Today I drove my Prius Plug-in from my home almost to the highway in EV mode. When about one minute from the highway, I pushed the PWR mode button twice, on and off, and the ice came on for warmup. All the green symbols above the speedometer were cleared. I then again pressed ECO to bring back that mode. I believe the vehicle was in what I think of as blended HV mode. This mode blends the extra battery capacity of the Plug in with the ICE. After a 40 mile trip, the available EV miles dropped from 13.9 to 1.2, and the trip meter registered 76 MPG. I went up and down a serious hill which probably reduced the mileage. I believe there are two HV modes. The blended HV mode I used today, and a normal HV mode that operates like a standard Prius and attempts to not deplete available EV miles, saving them for later city driving. I think the normal HV mode is entered by toggling the EV/HV button until the green HV symbol appears above the speedometer next to the ECO symbol. I haven't used the PWR mode yet, but I am guessing it will blend because it removed the green HV symbol.

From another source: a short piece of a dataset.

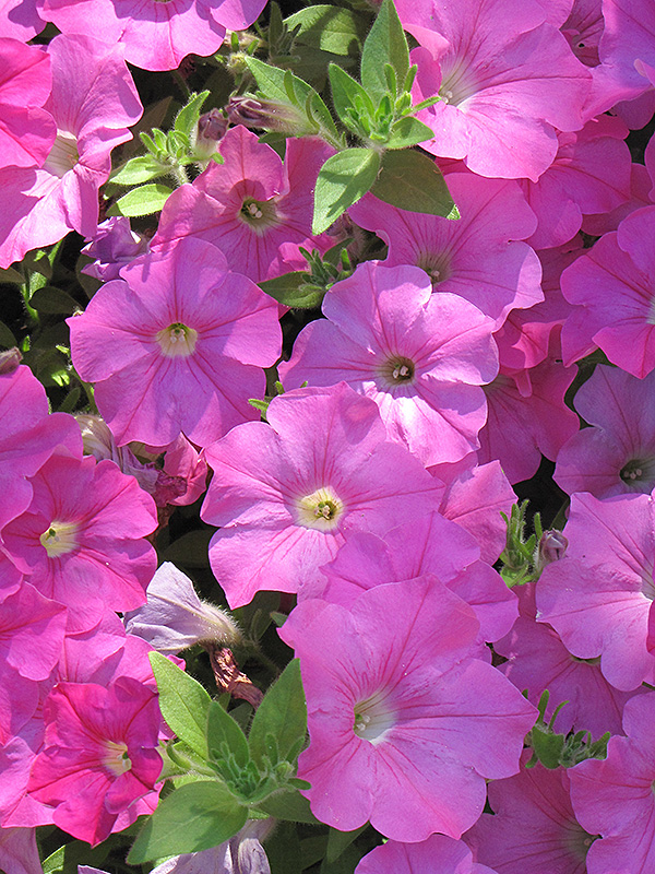 Easy Wave® Pink Petunia is clothed in stunning pink trumpet-shaped flowers with white throats at the ends of the stems from mid spring to late summer. Its pointy leaves remain green in color throughout the season.

I saw the same thing on my way into work this morning. I had about a 1 mile drive to the freeway during which my EV range dropped from 13.1 to 10.6. Once on the highway, I was driving between 60 and 70 mph with the ICE on. At about 18 miles, my EV range had dropped to nothing. I think the car was treating the battery as a big power-assist to supplement the ICE. As such, I may not have used as much gas during the initial stage, but I lost the EV miles I was hoping to save for the ride home. I will try your suggestion in the morning and see if it works.

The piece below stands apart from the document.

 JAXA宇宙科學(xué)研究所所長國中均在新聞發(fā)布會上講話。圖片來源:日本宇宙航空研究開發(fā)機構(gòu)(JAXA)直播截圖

EV mode is basically the charge depletion (CD) mode. Even if the gas engine assists, the car will continue to deplete the battery without hurting gas MPG. Ex: If the gas engine is making minimum power needed for max efficiency, blending battery power would lower the gas mileage. In that scenario, the battery will not be depleted at the moment. HV mode is charge sustain (CS) mode. There is a target battery state of charge, probably soc% when you pressed the EV/HV button. Depending on acceleration or braking, the battery charge will go up and down. The car will discharge or recharge the battery to maintain the target.
If you want to save the battery charge, hit the EV/HV button when you are on the highway. The PHV starts in EV mode by default and it'll deplete the battery any chance it gets. To avoid that you go into HV mode where it'll hold the charge.

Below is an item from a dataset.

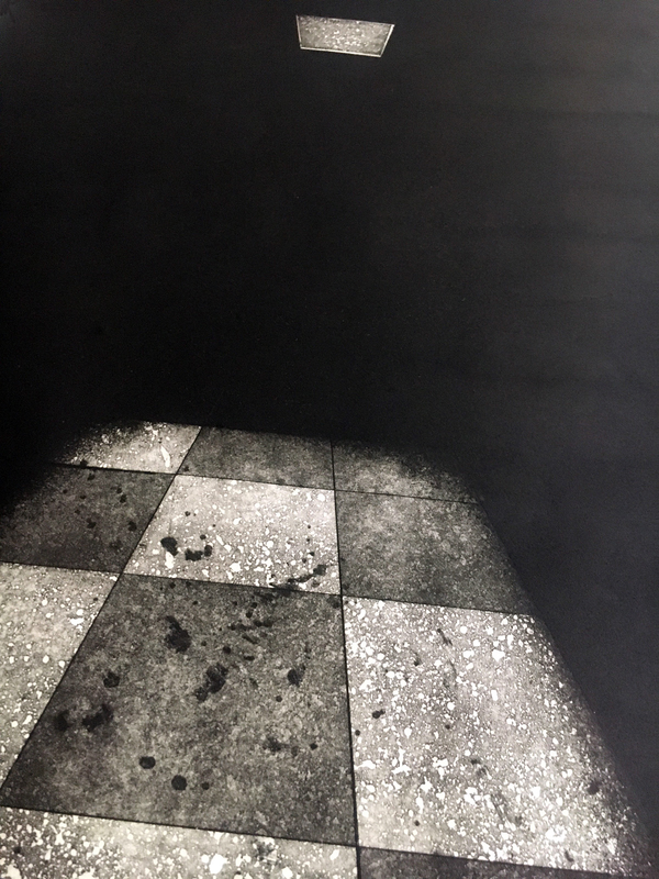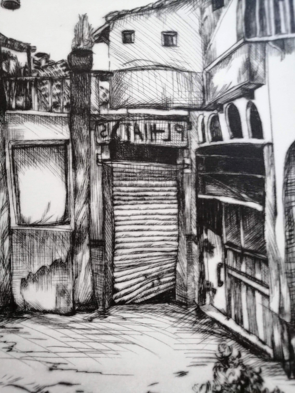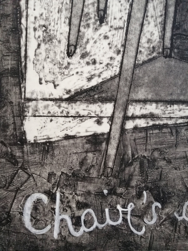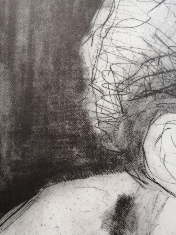 Il risultato in stampa è grafico, molto nitido e il contrasto tra lo sfondo bianco e il segno sfumato tipico della puntasecca è amplificato dal tipo di pulitura: a carta. Pulire il plexiglass richiede un'attenzione diversa da quella utilizzata per il metallo, perchè il controllo visivo, in particolare, risulta più complicato a causa della trasparenza della matrice.

I've noticed a similar mode on my non-plugin prius if the SOC is at least 7/8 bars; I get 75+mpg while going 65+mph. Obviously with me having a non-plugin it doesn't last very long. It is interesting to see how long this charge does last for plugin Priuses, and makes me wonder if perhaps this "blended HV" mode may make the plug-in Prius more viable for longer commutes like I have (35 miles/direction, mostly highway)
26 miles. (13 "free" miles, 13 miles at 50mpg. 13mi/50=0.26 gallons, 26 miles/0.26 gallons=100mpg). The trick of course is to try and do better than that, by using the electrons for ICE assist, rather than pure propulsion. You and I know that can work -very- well with practice. If the PiP used what the user has entered into the Nav system (or "knows" I am going to work etc) then it could easily beat that by choosing when to use each power source more carefully.